In Example 2, the subject matter of Example 1 includes, wherein the rider is an employee of a first enterprise and, prior to using the productivity metric in the calculation to determine the first portion of the overall ride fare to be allocated to the rider: receiving, over a network, an indication of approval for using the calculation to determine an amount of a ride fare for a rider employed by the enterprise.


In Example 3, the subject matter of Example 2 includes, wherein the memory storage device is storing additional executable instructions thereon, which, when executed by the processor, cause the system to perform additional operations comprising: allocating to an account of the enterprise a second portion of the ride fare, the second portion being the amount of the overall ride fare remaining after allocating the first portion to the rider.


In Example 4, the subject matter of Examples 1-3 includes, wherein the virtual work environment facilitated by the network-connected autonomous vehicle comprises: a network connectivity service facilitated by the autonomous vehicle and for use by the rider in connecting a computing device to a public network; an input device and one or more displays providing the rider with access to a suite of cloud-based productivity software applications; and a combination thereof.


In Example 5, the subject matter of Examples 1-4 includes, wherein the activity attributed to the rider using the virtual work environment is determined by a productivity sensing system of the network-connected autonomous vehicle, the productivity sensing system configured to generate the productivity metric by: monitoring network traffic associated with a network connection provided by the autonomous vehicle to determine an amount of the network traffic associated with work being performed by the rider, wherein the productivity metric is based on the amount of network traffic.

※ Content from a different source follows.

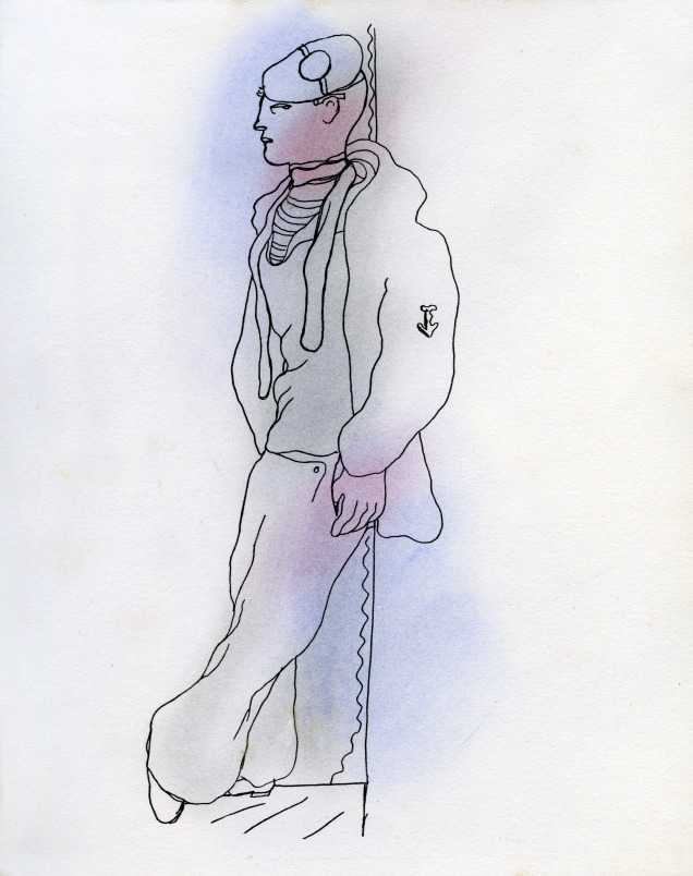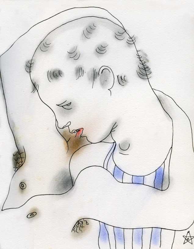 The suite of seventeen illustrations plus a frontispiece reproduced here are from the 1930 Editions du Signe edition of Le livre blanc, which was produced in a printing of 450 copies. Cocteau’s illustrations were hand-coloured by M.B. Armington.

In Example 6, the subject matter of Examples 1-5 includes, wherein the activity attributed to the rider using the virtual work environment is determined by a productivity sensing system of the network-connected autonomous vehicle, the productivity sensing system configured to generate the productivity metric by: capturing images of the rider within the interior of the autonomous vehicle using one or more image sensors; providing the captured images as input to a pre-trained computer vision model that is configured to analyze the captured images and determine, based on analysis of the captured images, when the rider is performing work within the virtual work environment; generating the productivity metric based on output of the pre-trained computer vision model indicating an amount of time the rider was determined to be performing work within the virtual work environment.


In Example 7, the subject matter of Examples 1-6 includes, wherein the virtual work environment facilitated by the network-connected autonomous vehicle includes a suite of cloud-based productivity software applications associated with a service of the autonomous vehicle and the activity attributed to the rider using the virtual work environment is determined by a productivity sensing system of the network-connected autonomous vehicle, the productivity sensing system configured to generate the productivity metric by: monitoring interactions by the rider with the cloud-based productivity software applications, wherein interactions include launching applications, opening documents, editing documents, sending communications through applications, and accessing application features.

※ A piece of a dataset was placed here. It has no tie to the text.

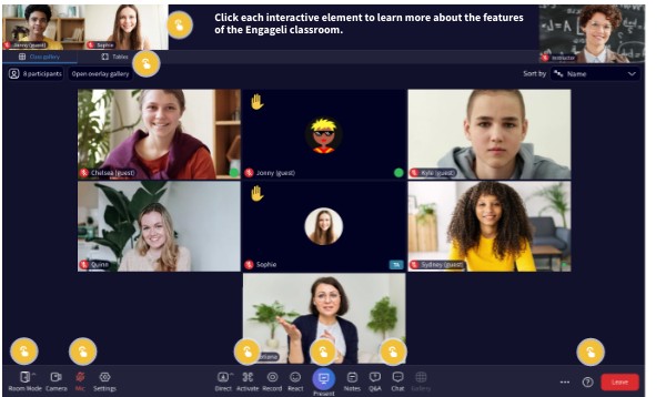Click each interactive element to learn more about the features of the Engageli classroom.

In Example 8, the subject matter of Example 7 includes, wherein the productivity sensing system is configured to generate the productivity metric by: determining an amount of time the rider interacts with the cloud-based productivity software applications based on the monitored interactions; wherein generating the productivity metric is based on the percentage of time during the ride that the rider is determined to be interacting with the cloud-based productivity software applications.


In Example 9, the subject matter of Examples 1-8 includes, wherein the memory storage device is storing additional executable instructions thereon, which, when executed by the processor, cause the system to perform additional operations comprising: at the conclusion of the ride, communicating a message to a computing device of the rider, the message specifying i) the overall ride fare, ii) the first portion of the overall ride fare allocated to the account of the rider, iii) a value for the productivity metric, and iv) an indication that the overall ride fare was reduced based on the value of the productivity metric.

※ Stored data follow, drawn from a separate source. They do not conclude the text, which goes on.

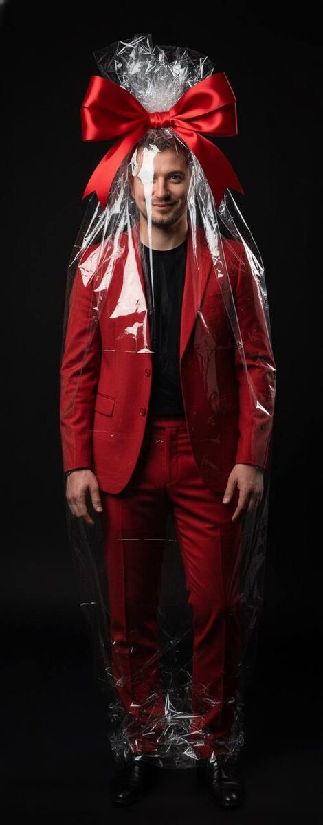 Сгенерировать фото🪄 Студийная художественная фотография мужчины в полный рост на глубоком черном фоне. Не меняя черты лица. Мужчина с легкой бородкой и улыбкой одет в элегантный ярко-красный классический костюм поверх черной футболки. Самая необычная деталь — он полностью упакован в прозрачную, блестящую целлофановую обертку, имитирующую подарочную упаковку. Сверху над головой пакет завязан пышным красным атласным бантом. Освещение контрастное, создающее выразительные блики на пластиковой пленке, что подчеркивает текстуру упаковки. Композиция концептуальная, ироничная, в стиле модной журнальной съемки.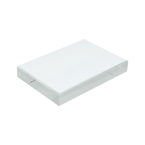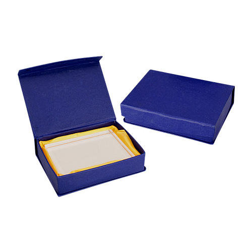 Trofeo rectangular de Cristal sólido para Sublimación. Presentación en caja de cartón azul con cuna amarilla.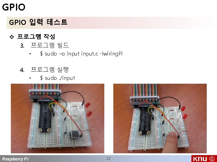 GPIO 입력 테스트 v 프로그램 작성 1. 작업 폴더로 이동 • $ sudo cd ~/gpio pin. Mode(SW, INPUT); 2. 프로그램 작성 • $ sudo nano input. c while(1) { digital. Write(LED 1, 0); digital. Write(LED 2, 0); #include <stdio. h> #include <wiring. Pi. h> #define LED 1 23 //gpio 23 #define LED 2 24 //gpio 24 #define SW 25 //gpio 25 if(digital. Read(SW) == 1) { digital. Write(LED 1, 1); digital. Write(LED 2, 1); delay(1000); } int main(void) { if(wiring. Pi. Setup. Gpio() == -1) return 1; } pin. Mode(LED 1, OUTPUT); pin. Mode(LED 2, OUTPUT); Raspberry Pi 21 } return 0;

Example 10 is a method for determining a ride fare for a ride in a network-connected autonomous vehicle, the method comprising: receiving, over a network, a ride request including one or more ride parameters for a ride in the network-connected autonomous vehicle; using at least the one or more ride parameters, calculating an overall ride fare for the ride; and at the conclusion of the ride, i) receiving a productivity metric indicating a measure of productivity attributed to activity of a rider using a virtual work environment facilitated by the network-connected autonomous vehicle, ii) using the productivity metric in a calculation to determine a first portion of the overall ride fare to be allocated to the rider, and iii) allocating the first portion of the overall ride fare to an account of the rider.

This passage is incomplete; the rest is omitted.